──────── Supplied data ────────

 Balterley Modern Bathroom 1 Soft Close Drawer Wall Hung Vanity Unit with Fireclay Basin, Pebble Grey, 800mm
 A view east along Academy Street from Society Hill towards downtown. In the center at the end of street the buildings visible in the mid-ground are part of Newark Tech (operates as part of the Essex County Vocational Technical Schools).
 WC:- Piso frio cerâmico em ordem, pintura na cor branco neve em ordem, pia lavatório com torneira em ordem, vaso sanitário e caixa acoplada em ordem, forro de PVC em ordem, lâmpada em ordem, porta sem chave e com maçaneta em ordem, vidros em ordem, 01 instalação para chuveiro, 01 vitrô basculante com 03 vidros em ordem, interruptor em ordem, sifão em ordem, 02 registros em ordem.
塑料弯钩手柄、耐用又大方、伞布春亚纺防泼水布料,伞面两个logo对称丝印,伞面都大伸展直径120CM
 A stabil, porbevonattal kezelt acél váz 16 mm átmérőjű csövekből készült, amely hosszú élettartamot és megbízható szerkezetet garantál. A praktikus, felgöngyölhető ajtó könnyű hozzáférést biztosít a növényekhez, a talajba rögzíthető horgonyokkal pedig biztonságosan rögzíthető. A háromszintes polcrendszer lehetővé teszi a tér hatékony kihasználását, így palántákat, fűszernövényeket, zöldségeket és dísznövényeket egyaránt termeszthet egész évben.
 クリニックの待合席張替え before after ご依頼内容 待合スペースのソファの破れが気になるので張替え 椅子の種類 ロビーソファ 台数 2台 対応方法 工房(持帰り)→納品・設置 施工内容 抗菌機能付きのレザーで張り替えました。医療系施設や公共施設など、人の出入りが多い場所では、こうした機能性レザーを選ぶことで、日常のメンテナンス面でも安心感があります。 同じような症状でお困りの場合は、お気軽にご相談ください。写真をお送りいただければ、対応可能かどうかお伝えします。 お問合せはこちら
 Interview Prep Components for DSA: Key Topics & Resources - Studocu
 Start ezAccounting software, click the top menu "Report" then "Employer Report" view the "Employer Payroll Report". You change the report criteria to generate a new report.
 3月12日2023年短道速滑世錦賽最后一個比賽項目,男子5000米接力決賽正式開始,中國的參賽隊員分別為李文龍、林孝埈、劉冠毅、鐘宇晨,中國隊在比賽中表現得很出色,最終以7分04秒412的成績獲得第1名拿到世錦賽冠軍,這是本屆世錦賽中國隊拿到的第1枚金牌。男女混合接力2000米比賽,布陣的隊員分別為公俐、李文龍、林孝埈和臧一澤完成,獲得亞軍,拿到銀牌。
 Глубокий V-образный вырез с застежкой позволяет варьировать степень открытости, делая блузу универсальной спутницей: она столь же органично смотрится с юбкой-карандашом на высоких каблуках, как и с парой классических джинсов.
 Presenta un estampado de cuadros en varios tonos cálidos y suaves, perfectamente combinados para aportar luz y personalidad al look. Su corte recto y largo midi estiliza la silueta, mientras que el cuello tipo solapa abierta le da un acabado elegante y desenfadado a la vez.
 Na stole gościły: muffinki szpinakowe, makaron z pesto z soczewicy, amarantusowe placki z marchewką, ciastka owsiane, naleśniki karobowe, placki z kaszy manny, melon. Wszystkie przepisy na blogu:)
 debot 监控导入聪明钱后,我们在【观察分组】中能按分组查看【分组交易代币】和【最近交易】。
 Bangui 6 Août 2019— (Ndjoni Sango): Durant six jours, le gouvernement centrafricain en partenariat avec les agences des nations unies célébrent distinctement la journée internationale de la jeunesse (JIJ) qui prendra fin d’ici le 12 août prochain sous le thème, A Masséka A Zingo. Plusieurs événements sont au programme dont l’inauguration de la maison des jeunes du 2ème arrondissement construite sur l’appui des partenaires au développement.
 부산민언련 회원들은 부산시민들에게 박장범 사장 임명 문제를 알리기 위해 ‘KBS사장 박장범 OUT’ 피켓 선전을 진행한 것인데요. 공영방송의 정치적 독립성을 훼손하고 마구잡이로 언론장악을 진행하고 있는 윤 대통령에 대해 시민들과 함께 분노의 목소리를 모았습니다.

────────

As the answer, set down only the lines from the data above between the one holding "クリニックの待合席張替え before after" and the one holding "Глубокий V-образный вырез", inclusive, exactly as they read.

 クリニックの待合席張替え before after ご依頼内容 待合スペースのソファの破れが気になるので張替え 椅子の種類 ロビーソファ 台数 2台 対応方法 工房(持帰り)→納品・設置 施工内容 抗菌機能付きのレザーで張り替えました。医療系施設や公共施設など、人の出入りが多い場所では、こうした機能性レザーを選ぶことで、日常のメンテナンス面でも安心感があります。 同じような症状でお困りの場合は、お気軽にご相談ください。写真をお送りいただければ、対応可能かどうかお伝えします。 お問合せはこちら
 Interview Prep Components for DSA: Key Topics & Resources - Studocu
 Start ezAccounting software, click the top menu "Report" then "Employer Report" view the "Employer Payroll Report". You change the report criteria to generate a new report.
 3月12日2023年短道速滑世錦賽最后一個比賽項目,男子5000米接力決賽正式開始,中國的參賽隊員分別為李文龍、林孝埈、劉冠毅、鐘宇晨,中國隊在比賽中表現得很出色,最終以7分04秒412的成績獲得第1名拿到世錦賽冠軍,這是本屆世錦賽中國隊拿到的第1枚金牌。男女混合接力2000米比賽,布陣的隊員分別為公俐、李文龍、林孝埈和臧一澤完成,獲得亞軍,拿到銀牌。
 Глубокий V-образный вырез с застежкой позволяет варьировать степень открытости, делая блузу универсальной спутницей: она столь же органично смотрится с юбкой-карандашом на высоких каблуках, как и с парой классических джинсов.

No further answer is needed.